» DIRECTIONS FOR THIS TASK
What is printed must match, line for line, the records from their first line through the line containing "बार्सिलोना के खिलाड़ी स्पेनिश सुपर कप के साथ।", with pictures left out.

Records from a data collection:

------------------------------------------------------------

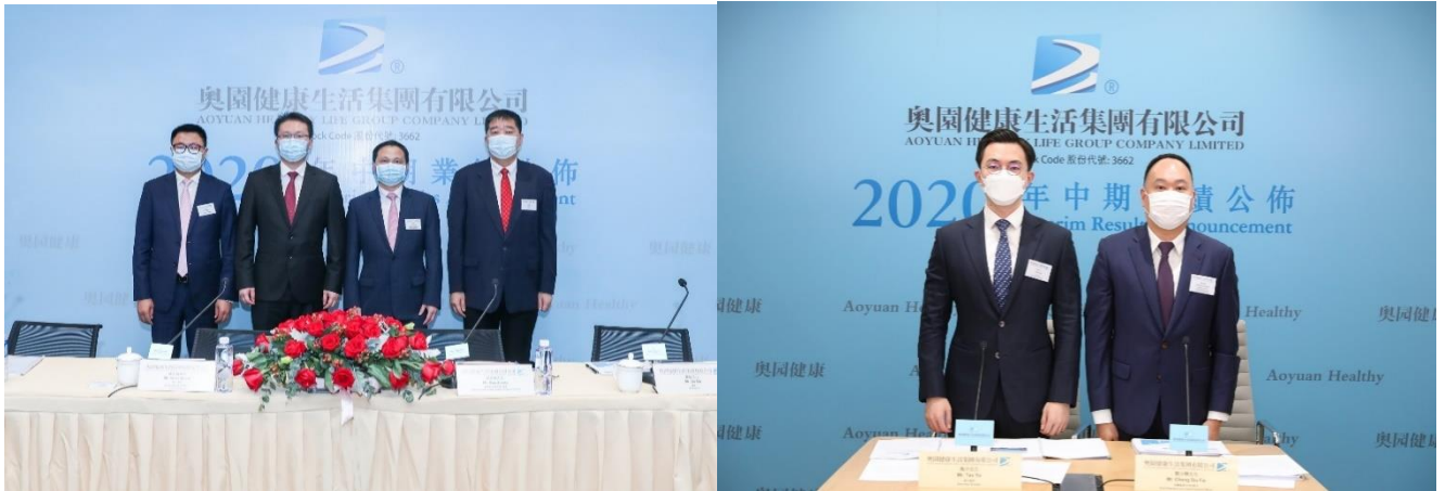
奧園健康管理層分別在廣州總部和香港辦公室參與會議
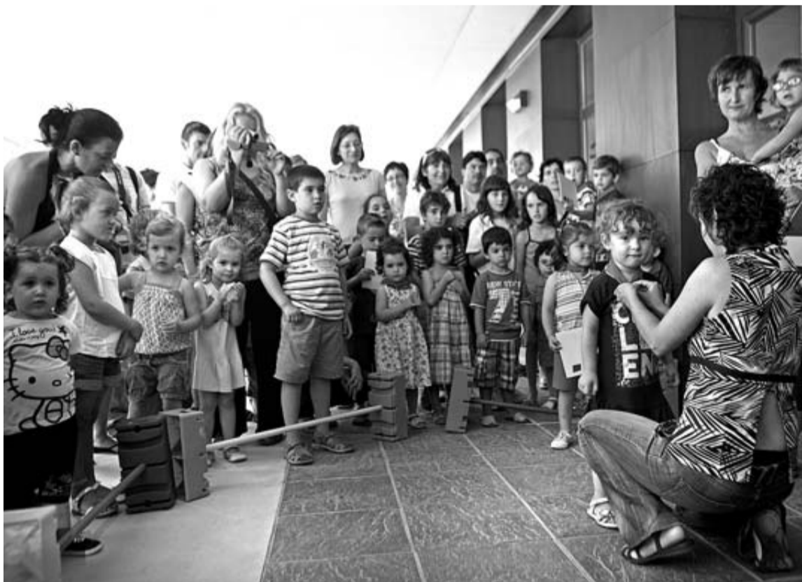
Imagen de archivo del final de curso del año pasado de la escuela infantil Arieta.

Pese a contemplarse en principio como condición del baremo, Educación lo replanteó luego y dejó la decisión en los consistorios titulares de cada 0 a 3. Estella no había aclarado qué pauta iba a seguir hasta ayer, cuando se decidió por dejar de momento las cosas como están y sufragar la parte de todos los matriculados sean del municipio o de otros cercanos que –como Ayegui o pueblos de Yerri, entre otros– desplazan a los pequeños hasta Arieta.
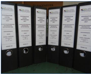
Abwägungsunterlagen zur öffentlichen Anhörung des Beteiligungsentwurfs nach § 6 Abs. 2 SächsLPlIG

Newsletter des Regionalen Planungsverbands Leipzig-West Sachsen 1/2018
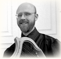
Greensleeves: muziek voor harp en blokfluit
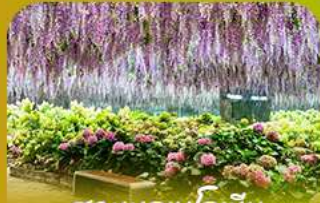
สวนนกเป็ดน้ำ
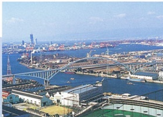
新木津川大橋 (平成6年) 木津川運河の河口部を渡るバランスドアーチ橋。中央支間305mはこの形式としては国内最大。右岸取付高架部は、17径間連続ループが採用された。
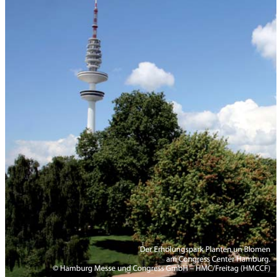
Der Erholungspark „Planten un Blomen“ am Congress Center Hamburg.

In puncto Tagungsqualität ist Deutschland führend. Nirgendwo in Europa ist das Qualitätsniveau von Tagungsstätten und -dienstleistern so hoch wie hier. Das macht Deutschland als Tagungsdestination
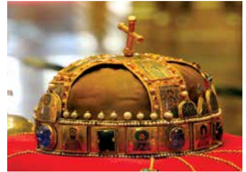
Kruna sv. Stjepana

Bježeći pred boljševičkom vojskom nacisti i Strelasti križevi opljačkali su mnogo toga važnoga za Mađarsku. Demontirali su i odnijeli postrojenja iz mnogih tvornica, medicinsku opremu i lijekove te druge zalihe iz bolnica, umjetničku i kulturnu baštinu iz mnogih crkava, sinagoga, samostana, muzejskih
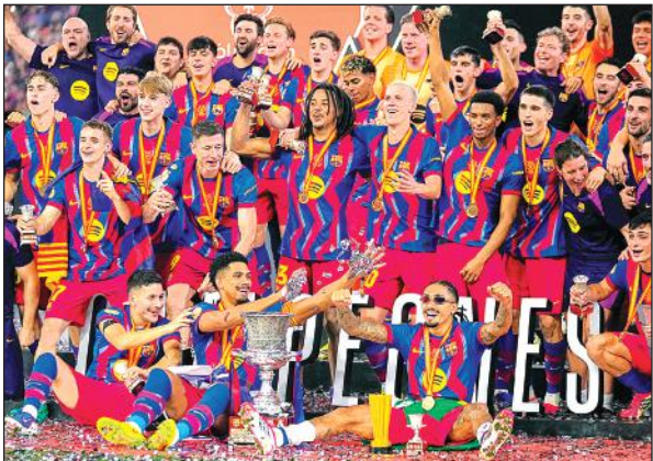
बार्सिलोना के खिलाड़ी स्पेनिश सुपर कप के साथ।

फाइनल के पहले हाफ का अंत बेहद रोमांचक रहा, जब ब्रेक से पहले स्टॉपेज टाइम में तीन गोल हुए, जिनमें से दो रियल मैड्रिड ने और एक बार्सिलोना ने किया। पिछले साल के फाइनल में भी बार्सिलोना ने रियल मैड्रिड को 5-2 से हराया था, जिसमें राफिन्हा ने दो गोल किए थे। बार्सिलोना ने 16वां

------------------------------------------------------------

» RESPONSE AREA
奧園健康管理層分別在廣州總部和香港辦公室參與會議
Imagen de archivo del final de curso del año pasado de la escuela infantil Arieta.

Pese a contemplarse en principio como condición del baremo, Educación lo replanteó luego y dejó la decisión en los consistorios titulares de cada 0 a 3. Estella no había aclarado qué pauta iba a seguir hasta ayer, cuando se decidió por dejar de momento las cosas como están y sufragar la parte de todos los matriculados sean del municipio o de otros cercanos que –como Ayegui o pueblos de Yerri, entre otros– desplazan a los pequeños hasta Arieta.
Abwägungsunterlagen zur öffentlichen Anhörung des Beteiligungsentwurfs nach § 6 Abs. 2 SächsLPlIG

Newsletter des Regionalen Planungsverbands Leipzig-West Sachsen 1/2018
Greensleeves: muziek voor harp en blokfluit
สวนนกเป็ดน้ำ
新木津川大橋 (平成6年) 木津川運河の河口部を渡るバランスドアーチ橋。中央支間305mはこの形式としては国内最大。右岸取付高架部は、17径間連続ループが採用された。
Der Erholungspark „Planten un Blomen“ am Congress Center Hamburg.

In puncto Tagungsqualität ist Deutschland führend. Nirgendwo in Europa ist das Qualitätsniveau von Tagungsstätten und -dienstleistern so hoch wie hier. Das macht Deutschland als Tagungsdestination
Kruna sv. Stjepana

Bježeći pred boljševičkom vojskom nacisti i Strelasti križevi opljačkali su mnogo toga važnoga za Mađarsku. Demontirali su i odnijeli postrojenja iz mnogih tvornica, medicinsku opremu i lijekove te druge zalihe iz bolnica, umjetničku i kulturnu baštinu iz mnogih crkava, sinagoga, samostana, muzejskih
बार्सिलोना के खिलाड़ी स्पेनिश सुपर कप के साथ।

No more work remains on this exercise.